6.     Jesus had known the joy of intimate fellowship with his father, and now during this time of separation, Jesus wanted it back; he longed for it; he thirsted after God. On the cross Jesus was the supreme fulfillment of Psalm 63:1 "O God, you are my God, earnestly I seek you; my soul thirsts for you, my body longs for you, in a dry and weary land where there is no water."

7.    This then, at the deepest level, is the thirst Jesus experienced on the cross. He was physically thirsty to be sure. His physical thirst consummated his physical suffering. But his physical thirst was only the tip of the iceberg.

8.     Jesus' deepest, most profound thirst was spiritual, thirsting after his father, from who he was separated as he hung on the cross paying the penalty for our sins.
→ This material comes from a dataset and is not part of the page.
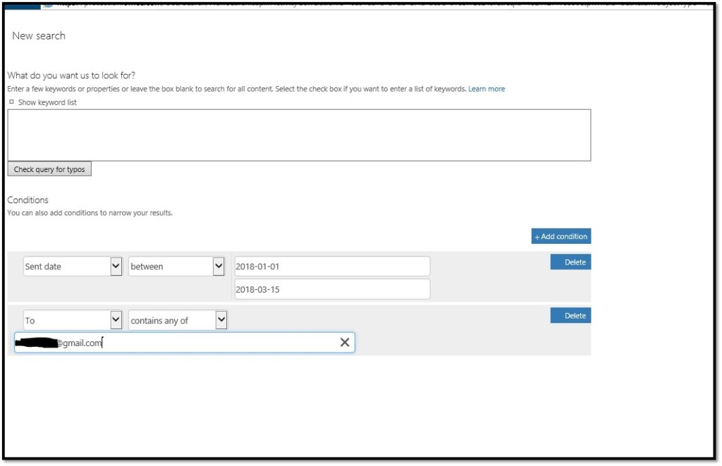 יש שם אפשריות של תאריכים, נשלח אל (TO) ועוד כל מיני, מצרף לך דוגמא לשאילתה שעשיתי לגבי תיבת User3 למיילים שנשלחו בין ינואר למרץ אל כתובת Gmail:

And so in conclusion let me stress the significance of this spiritual thirst of Jesus for our lives.

3. THE LESSON

Once all things (the work of atonement) had been accomplished, with nothing more to be done … Jesus cried out in thirst for the intimacy He once had with the Father.

His cry is our cry … for intimacy with God the Father.

SUBSTITUTE REFRESHMENT: The world often meets our thirst by offering us vinegar. Every day people cry, "I Thirst!" What they need is the water of life. But instead the world offers poor substitutes. Instead of the love of God the world offers shallow relationships. People need compassion, and the world offers us a 900 number where someone will show us compassion; for a price. People need a relationship with their heavenly Father, and the world offers astrologers and psychics.

DELAYED RECOGNITION: The rich man in hell cried out for a drip of water to be placed upon His tongue (Luke 16:24).  He realized his thirst too late.

There is a warning in these simple and yet profound words … our thirst for the spiritual is found in Christ. Do you thirst for God?

Psalms 42:2a  My soul thirsts for God, for the living God. 

Conclusion:

Jesus earlier in His ministry spoke … "If anyone thirsts, let him come to Me and drink.” (John 7:37)



 

[1]The King James Version, (Cambridge: Cambridge) 1769.


 

[i]J. Vernon McGee, Thru the Bible commentary [computer file], electronic ed., Logos Library System, (Nashville: Thomas Nelson) 1997, c1981 by J. Vernon McGee.

[ii]The King James Version, (Cambridge: Cambridge) 1769.